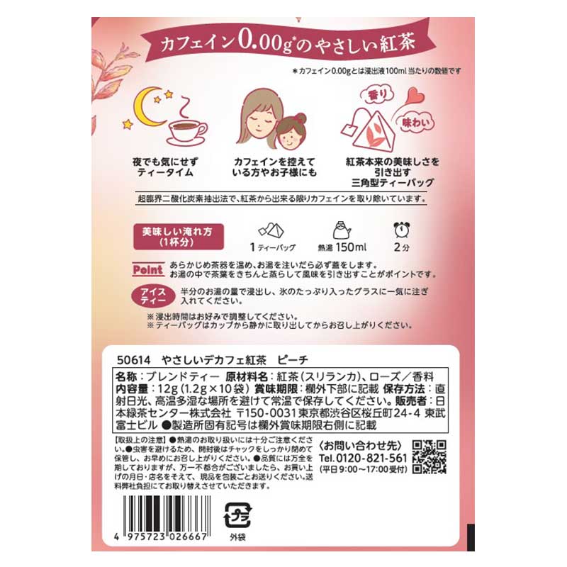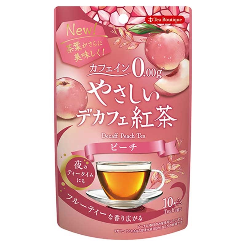 カフェインが苦手な方にうれしいデカフェ紅茶。 お休み前のリラックスタイムにもおすすめのやさしい味わいです。 芳醇なピーチの香りがふんわり漂うフレーバーティー。 ※パッケージデザインが、画像と異なる場合がございます。
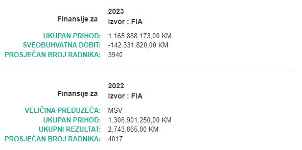 Podsjetimo, Elektroprivreda BiH je prema podacima FIA agencije, 2023. godinu završila u minusu od preko 142,3 miliona KM, dok je samo godinu ranije poslovala pozitivno.
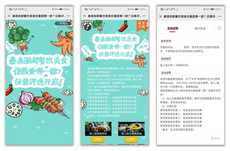 参与投票不仅可以获得微信红包、10元/50元/100元礼品兑换券,还有机会获得美食单品折扣优惠,吸引用户参与;设置线下兑奖,抽中礼品需到现场联系工作人员兑换,并且单品优惠**堂食,有利于实现线下引流。
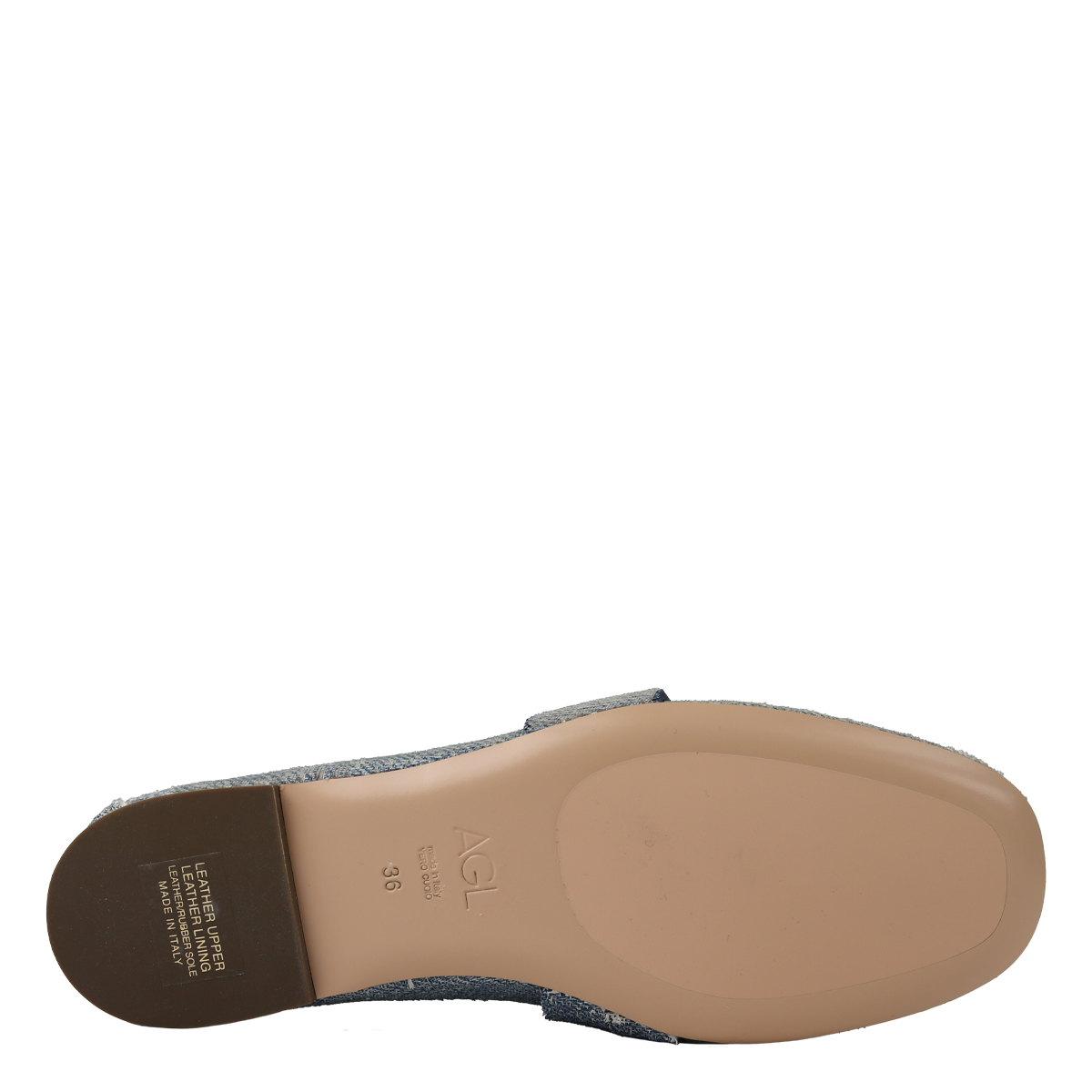 Dames instapper van het merk AGL. De instapper is uitgevoerd in blauwe stof en leer. Zowel de binnenvoering als het voetbed zijn van leer. Verder heeft de instapper een leren zool met rubber inzet. Maatadvies: bestel uw eigen maat.

> Problem details: Exact copy, pictures excluded: repeat the lines from the top of the material through the line with "Podsjetimo, Elektroprivreda BiH".

> Task answer:
 カフェインが苦手な方にうれしいデカフェ紅茶。 お休み前のリラックスタイムにもおすすめのやさしい味わいです。 芳醇なピーチの香りがふんわり漂うフレーバーティー。 ※パッケージデザインが、画像と異なる場合がございます。
 Podsjetimo, Elektroprivreda BiH je prema podacima FIA agencije, 2023. godinu završila u minusu od preko 142,3 miliona KM, dok je samo godinu ranije poslovala pozitivno.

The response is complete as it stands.